Plant Ecology
Research
Project Director:
Eric S. Menges
Postdoctoral Associate: Pedro F. Quintana-Ascencio
Research Assistants (full time): Samara I. Hamze, Dorothy E.
Mundell, Alaä L. Wally, Carl W. Weekley
Research Assistants (part time or temporary): Jill T. Adams,
Michael N. Gushee, Karin M. Kettenring, Richard J. LaVoy, Constance
Roman
Graduate Students: Owen D. Boyle, University of Wisconsin; Juan
Antonio Calleja, Universidad Autónoma de Madrid; Christine V. Hawkes,
University of Pennsylvania; Satya K. Maliakal, Louisiana State
University; Martina Petrů, University of South Bohemia, Czech
Republic; Gayle van de Kerckhove, University of Florida; Laurie
Walker, University of South Florida; Rebecca Yahr, Duke University
Interns: Amanda L. Armbruster, Muhlenberg College; Philip E.

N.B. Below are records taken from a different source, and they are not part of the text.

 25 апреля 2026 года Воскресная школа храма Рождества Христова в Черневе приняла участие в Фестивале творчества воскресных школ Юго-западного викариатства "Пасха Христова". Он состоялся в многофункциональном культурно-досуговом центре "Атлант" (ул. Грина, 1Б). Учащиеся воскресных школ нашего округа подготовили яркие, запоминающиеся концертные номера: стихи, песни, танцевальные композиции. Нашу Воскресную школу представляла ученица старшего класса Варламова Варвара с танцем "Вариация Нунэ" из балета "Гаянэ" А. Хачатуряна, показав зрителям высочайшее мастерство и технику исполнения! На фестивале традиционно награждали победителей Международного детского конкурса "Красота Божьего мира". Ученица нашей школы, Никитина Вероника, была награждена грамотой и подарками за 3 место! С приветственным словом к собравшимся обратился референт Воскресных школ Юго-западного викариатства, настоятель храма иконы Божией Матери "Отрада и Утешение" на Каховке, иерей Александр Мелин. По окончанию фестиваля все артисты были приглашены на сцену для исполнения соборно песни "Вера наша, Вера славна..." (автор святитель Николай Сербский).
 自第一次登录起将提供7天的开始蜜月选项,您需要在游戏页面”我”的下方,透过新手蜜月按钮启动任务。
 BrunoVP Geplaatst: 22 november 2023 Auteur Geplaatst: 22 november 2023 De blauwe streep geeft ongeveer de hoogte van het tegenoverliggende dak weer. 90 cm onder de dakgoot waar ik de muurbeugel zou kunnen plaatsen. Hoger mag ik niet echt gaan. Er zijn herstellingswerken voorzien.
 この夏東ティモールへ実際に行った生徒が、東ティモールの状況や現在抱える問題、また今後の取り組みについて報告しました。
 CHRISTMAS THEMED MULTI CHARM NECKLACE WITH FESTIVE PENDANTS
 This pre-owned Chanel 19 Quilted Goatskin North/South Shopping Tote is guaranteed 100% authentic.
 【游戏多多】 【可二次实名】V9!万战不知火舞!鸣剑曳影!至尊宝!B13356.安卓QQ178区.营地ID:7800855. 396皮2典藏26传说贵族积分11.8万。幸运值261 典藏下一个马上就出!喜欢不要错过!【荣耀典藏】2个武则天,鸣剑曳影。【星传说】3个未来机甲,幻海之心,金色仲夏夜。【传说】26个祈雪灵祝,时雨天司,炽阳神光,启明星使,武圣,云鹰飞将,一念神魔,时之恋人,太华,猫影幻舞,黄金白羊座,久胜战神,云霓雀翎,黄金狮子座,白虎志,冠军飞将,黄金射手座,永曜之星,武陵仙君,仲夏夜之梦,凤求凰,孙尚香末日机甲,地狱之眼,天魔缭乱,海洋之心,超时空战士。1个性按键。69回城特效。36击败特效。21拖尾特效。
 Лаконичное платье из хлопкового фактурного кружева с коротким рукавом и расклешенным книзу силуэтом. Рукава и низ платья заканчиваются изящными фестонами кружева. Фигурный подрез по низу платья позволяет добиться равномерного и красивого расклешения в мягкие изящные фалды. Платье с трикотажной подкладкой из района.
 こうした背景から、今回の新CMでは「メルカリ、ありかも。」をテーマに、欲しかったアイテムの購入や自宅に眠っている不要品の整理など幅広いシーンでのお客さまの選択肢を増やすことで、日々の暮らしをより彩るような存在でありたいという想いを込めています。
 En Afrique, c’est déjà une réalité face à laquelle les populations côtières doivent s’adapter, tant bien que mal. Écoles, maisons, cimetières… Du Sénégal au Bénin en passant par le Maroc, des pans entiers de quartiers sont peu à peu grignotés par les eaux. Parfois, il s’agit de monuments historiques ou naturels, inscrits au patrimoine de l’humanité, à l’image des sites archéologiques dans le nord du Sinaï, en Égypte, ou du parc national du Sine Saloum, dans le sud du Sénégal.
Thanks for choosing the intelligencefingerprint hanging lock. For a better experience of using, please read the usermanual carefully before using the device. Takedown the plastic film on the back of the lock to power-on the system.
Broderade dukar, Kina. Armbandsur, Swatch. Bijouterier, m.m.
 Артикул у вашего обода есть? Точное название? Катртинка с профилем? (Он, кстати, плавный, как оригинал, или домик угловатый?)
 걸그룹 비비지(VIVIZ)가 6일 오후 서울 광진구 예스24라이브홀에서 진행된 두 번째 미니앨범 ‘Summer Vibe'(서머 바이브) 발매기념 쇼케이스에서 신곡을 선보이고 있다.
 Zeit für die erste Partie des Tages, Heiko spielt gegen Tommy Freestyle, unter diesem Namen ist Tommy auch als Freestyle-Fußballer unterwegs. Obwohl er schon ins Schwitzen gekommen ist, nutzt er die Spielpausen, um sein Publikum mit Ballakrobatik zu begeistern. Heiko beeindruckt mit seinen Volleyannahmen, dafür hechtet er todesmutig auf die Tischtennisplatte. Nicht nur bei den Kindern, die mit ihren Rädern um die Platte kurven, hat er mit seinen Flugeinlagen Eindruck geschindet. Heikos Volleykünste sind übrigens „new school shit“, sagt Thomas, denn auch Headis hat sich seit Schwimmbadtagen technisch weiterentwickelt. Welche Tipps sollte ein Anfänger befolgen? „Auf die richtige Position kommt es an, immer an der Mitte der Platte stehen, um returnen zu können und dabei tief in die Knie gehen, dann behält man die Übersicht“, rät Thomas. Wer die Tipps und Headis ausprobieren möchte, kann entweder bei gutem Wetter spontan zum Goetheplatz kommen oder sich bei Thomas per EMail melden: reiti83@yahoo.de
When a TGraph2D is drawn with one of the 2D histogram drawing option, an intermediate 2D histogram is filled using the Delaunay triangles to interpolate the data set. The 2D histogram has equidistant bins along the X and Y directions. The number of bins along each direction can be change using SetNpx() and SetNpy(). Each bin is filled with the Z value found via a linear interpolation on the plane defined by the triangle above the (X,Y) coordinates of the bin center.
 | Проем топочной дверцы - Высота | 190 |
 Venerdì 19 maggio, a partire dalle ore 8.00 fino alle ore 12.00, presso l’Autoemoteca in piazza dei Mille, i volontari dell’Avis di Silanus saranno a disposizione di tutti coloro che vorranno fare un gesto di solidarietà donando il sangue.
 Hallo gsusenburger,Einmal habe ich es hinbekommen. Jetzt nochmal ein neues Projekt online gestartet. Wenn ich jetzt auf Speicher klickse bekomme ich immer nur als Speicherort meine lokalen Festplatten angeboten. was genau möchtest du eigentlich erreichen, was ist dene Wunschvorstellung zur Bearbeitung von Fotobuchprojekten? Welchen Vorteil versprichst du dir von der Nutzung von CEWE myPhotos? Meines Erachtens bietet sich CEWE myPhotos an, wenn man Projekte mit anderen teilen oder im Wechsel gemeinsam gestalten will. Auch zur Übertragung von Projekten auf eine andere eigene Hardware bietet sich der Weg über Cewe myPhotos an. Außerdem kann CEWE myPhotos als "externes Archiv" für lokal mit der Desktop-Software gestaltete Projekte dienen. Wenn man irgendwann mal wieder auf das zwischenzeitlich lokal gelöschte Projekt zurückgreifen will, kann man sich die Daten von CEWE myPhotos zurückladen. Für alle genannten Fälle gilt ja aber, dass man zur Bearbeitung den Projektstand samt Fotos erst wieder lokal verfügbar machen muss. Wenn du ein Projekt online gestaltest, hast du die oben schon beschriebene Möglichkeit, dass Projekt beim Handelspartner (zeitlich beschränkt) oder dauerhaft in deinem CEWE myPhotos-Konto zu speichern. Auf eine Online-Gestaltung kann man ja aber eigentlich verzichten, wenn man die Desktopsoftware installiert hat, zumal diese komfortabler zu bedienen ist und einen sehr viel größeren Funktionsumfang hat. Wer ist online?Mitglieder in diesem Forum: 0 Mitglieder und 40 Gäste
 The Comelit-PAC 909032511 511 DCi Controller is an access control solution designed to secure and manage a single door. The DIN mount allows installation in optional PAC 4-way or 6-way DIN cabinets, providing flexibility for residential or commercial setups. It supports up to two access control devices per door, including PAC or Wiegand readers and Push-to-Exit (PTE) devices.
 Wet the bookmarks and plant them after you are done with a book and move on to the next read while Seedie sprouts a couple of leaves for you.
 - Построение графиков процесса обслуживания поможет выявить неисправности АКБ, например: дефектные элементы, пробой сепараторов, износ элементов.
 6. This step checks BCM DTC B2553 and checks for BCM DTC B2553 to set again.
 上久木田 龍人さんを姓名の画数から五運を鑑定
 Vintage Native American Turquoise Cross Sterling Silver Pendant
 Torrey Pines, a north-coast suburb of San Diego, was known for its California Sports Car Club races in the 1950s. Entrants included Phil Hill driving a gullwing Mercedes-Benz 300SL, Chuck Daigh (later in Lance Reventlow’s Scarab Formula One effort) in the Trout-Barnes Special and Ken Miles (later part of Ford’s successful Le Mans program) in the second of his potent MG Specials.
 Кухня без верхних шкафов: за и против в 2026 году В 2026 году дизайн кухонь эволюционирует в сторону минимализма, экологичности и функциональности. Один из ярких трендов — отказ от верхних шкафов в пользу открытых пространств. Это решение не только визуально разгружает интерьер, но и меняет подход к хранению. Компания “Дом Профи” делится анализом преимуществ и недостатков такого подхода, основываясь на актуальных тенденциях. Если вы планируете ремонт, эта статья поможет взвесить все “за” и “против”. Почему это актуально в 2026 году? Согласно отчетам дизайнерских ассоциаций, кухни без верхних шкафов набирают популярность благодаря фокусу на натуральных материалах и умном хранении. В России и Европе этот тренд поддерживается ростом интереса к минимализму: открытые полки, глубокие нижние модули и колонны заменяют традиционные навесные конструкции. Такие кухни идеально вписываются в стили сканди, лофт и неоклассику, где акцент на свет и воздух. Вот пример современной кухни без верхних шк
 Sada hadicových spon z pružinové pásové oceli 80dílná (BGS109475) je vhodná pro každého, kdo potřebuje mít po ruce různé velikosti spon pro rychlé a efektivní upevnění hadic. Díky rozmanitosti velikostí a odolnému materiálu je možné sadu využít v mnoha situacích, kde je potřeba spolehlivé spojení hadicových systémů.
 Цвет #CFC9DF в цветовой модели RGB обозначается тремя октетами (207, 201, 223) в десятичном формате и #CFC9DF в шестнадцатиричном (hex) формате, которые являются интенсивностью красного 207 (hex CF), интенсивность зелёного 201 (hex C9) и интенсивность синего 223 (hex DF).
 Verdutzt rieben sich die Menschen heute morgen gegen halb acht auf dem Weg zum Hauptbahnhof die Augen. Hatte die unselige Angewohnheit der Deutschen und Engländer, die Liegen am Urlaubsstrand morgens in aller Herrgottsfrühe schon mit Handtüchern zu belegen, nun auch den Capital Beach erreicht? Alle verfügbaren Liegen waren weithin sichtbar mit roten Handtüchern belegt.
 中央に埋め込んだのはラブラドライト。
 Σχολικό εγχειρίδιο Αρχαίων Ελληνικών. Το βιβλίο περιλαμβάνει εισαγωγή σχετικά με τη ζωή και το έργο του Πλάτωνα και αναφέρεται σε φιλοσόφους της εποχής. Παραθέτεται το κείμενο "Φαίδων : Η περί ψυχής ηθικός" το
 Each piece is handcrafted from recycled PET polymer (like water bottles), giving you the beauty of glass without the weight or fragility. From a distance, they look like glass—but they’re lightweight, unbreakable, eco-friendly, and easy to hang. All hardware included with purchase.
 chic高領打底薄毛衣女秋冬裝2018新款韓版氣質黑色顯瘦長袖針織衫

Higuera, Middlebury College; Molly E. Hunter, University of
California-Davis; Karin M. Kettenring, Oberlin College; Nicole L.
Lang, Trinity Western University; William H. Satterthwaite, University
of California-Berkley
Volunteers: Jason Greenlee, U.S. Forest Service; Miguel Martínez-Icó,
El Collegio de la Sur; Jessica Missios, University of Alabama; Marina
Morales-Hernandez, Lake Placid
Outside Collaborators: Dawn M. Berry, National Park Service;
Rebecca W. Dolan, Butler University; Margaret E.K. Evans, University
of Arizona; Daniel Gagnon, University of Quebec at Montreal; Doria R.
Gordon, The Nature Conservancy; Michael L. Kelrick, Truman State
University; Thomas Kubisiak, U.S. Forest Service; Peter L. Marks,
Cornell University; Tammera Race, Bok Tower Gardens; Richard B. Root,
Cornell University; Joan L. Walker, Clemson University
Visiting Researchers: Mitchell B. Cruzan, University of
Tennessee; Kevin Hogan, University of Florida; Kaoru Kitijima,
University of Florida; Stephen S. Mulkey, University of Florida; N.
Olaf Pellymr, Vanderbilt University; Kristine Stewart, Florida
International University
[Biennial Contents |
Biennial
97-98 | Plant Lab
Group Photo | Research]
Fire Ecology. Fire is the key ecological disturbance in many
Florida ecosystems, including the scrub, sandhill, and flatwoods
vegetation that dominates Archbold Biological Station. Fire events, fire
suppression, and variations in fire patterns and intensities affect
plant communities and populations in many interesting and often complex
ways. In this biennial report, we outline some of our research
directions in fire ecology.
Community Responses to Fire. Florida scrub community responses to
individual fires involve both resprouting of many of the dominant shrubs
and seedling recruitment pulses in other species. Most previous work has
emphasized the resprouting vs. seeding dichotomy and has not detailed
the mechanisms of compositional shifts with fire. In a detailed study of
scrub response to a single fire at Lake Wales Ridge State Forest, we
documented postburn reductions in subcanopy, shrub, litter, and lichen
cover that paralleled increases in the frequency, abundance, and
diversity of herbs. Although some scrub herbs resprout, most postburn
herbaceous species increases were due to seedling recruitment.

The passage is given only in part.